Published online 2009 February 6. doi:  10.3390/ijerph6020592
PMCID: PMC2672365

Pubic Lice (Pthirus pubis): History, Biology and Treatment vs. Knowledge and Beliefs of US College Students


Pubic lice (Pthirus pubis) maintain a worldwide parasitic population infesting two to over 10 percent of human populations, continuing a presence that has been constant since early evidence 10,000 years ago. Outbreaks in the 1970s have been recorded, but incomplete records preclude description of a definitive population cycle. Current levels of infestation in a US college student population were investigated in this study. Knowledge and opinions of students were also recorded in an online survey administered to college students taking a basic health course at a mid-sized East Coast University. In a group of 817 students, 35 reported experience with pubic lice or other STD infection. Knowledge, beliefs, and treatment attitudes were examined for the 782 students who did not have experience with either pubic lice or STD infection. These students deemed antibiotics as a viable treatment for pubic lice infestation. They also indicated negative attitudes toward the use of pesticide crèmes, which are the most useful prescription. Symptoms and transmission myths in student answers are described.

Keywords: Pthirus pubis, pubic lice, college student, survey

1. Introduction

Pubic lice infestations are not a reportable condition in the US, but are considered an STD. There have been reports of outbreaks of pubic lice during earlier decades [1], though reports are not numerous. In countries where military or STD records are widely available, records are more common. Mimouni [2], for example, describes two outbreaks found in Israeli army records during the years 1972–1999. Incidence of pubic lice in European and South American STD clinic records and prison health records have been reported sporadically [35]. Though reporting on pubic lice is less frequent than head lice or body lice, its epidemiology is important because of correlation with the occurrence of other STD infections [2,68]. Because there is evidence of co-occurrence with other STD infections, and because accurate surveillance of ectoparasite levels is valuable in evaluating emerging or changing trends, this study was undertaken to describe self-reported attitudes and behavior concerning lice prevention and treatment (and treatment myths) which will add to the general knowledge of Pthirus pubis infestation in young adults. It will also help alert college health clinics and health education providers to the need for continued educational efforts about this pest.

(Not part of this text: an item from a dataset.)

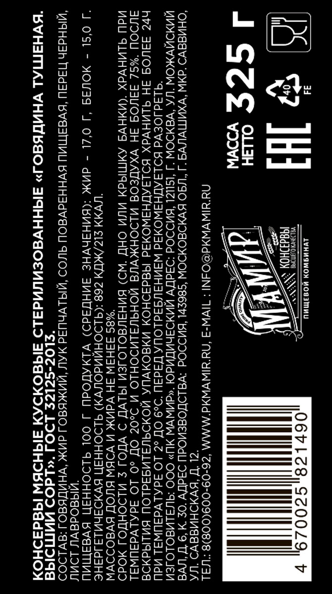 Говядина тушеная высший сорт ГОСТ 325 г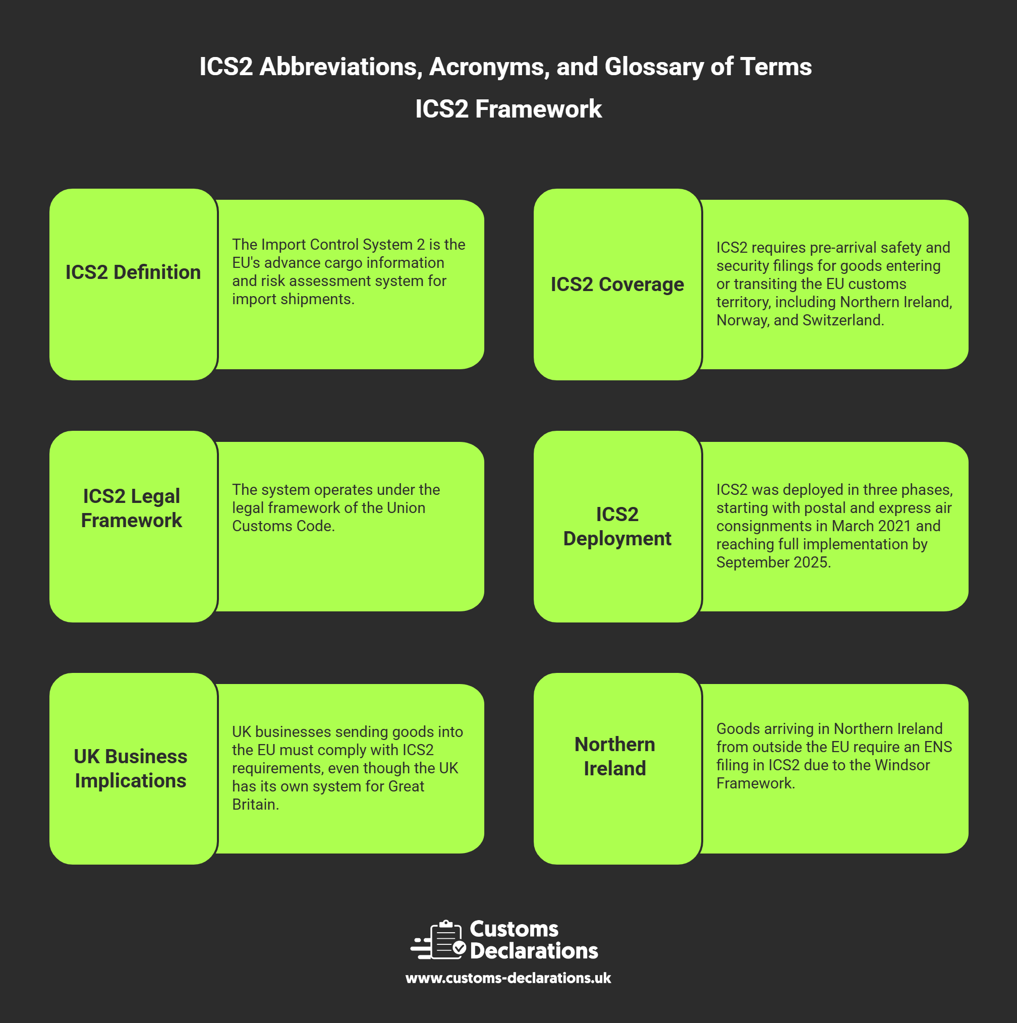 The Import Control System 2 represents the most significant transformation of European customs border security in decades. For UK businesses exporting to the European Union, understanding this system is not merely helpful but essential for maintaining uninterrupted trade flows. As ICS2 Release 3 became fully operational on 1 September 2025 across all transport modes, the terminology and technical vocabulary surrounding this system has become the language of cross-border commerce. This comprehensive reference document provides UK traders, freight forwarders, hauliers, and customs professionals with an exhaustive guide to every abbreviation, acronym, and technical term they will encounter when navigating ICS2 compliance.

1.1. Pubic lice Biology and History

Before discussing current student attitudes and health behaviors, a general history of pubic louse occurrence and biology will facilitate evaluating the scope of student understanding There is archeological and historical evidence of lice infestation in the human population for as long as 10,000 years [9], though there is much less occurrence information for pubic lice than for head and body lice. Archaeological evidence for occurrence of lice is unusual, due in part to burial and preservation methods which called for cleaning bodies and removing body parasites before burial [10]. Kenward [10], however, reports finding evidence of pubic lice in Roman and Medieval Britain. In South America, Rick, et al. [11], report evidence of pubic lice in human remains. Reinhart and Buikstra [12] report that these archeological studies confirm the parasitological axiom that “10% of the population harbors 70% of the parasites”. Thus, pubic lice have been present in the human population for thousands of years, but have never been of major importance as a serious pest.

The biological evolution of pubic lice and head or body lice shows divergence morphologically into two distinct species of ectoparasites. Together, the human louse complex comprises two species: Pediculus humanus (variants Pediculus humanus var. corporis and Pediculus humanus var. capitis are the first. Pubic lice are a second distinct genus and species, Pthirus pubis (Figure 1). Head lice (Pediculus humanus var. capitus are the most commonly occurring of the three species, particularly in school children. Body lice are the only disease vector of the complex, capable of transmitting bacterial diseases including trench fever, epidemic typhus, and louse-borne relapsing fever [13]. Unlike head lice and pubic lice, body lice are associated typically with poor hygiene, socioeconomic status and disasters [14].

Figure 1.
Photograph of pubic louse (CDC).

Pubic lice are adapted to a sedentary life style on pubic hair, and sometimes on eyelashes and body hair, not often leaving the infested body. They are usually transmitted during sexual contact, and have been associated with other sexually transmitted diseases [2,6,7,8]. All lice infestations are diagnosed by identification of live adult lice, and viable eggs (nits) on the hair shafts in the specific body regions giving them their names [15]. Empty egg cases attached to hair shafts are not diagnostic of an active infection. Treatment for lice infestations is summarized by the following table derived from Diaz [14], and Leone [16] (Table 1).

Table 1.
Recommended pediculocide treatments for pediculosis, revised in 2007 [14,16].

As noted in Table 1, resistance to the pesticides in pediculocide treatments is increasing. Only pyrethrins+PBO pesticide formulations are available in the US.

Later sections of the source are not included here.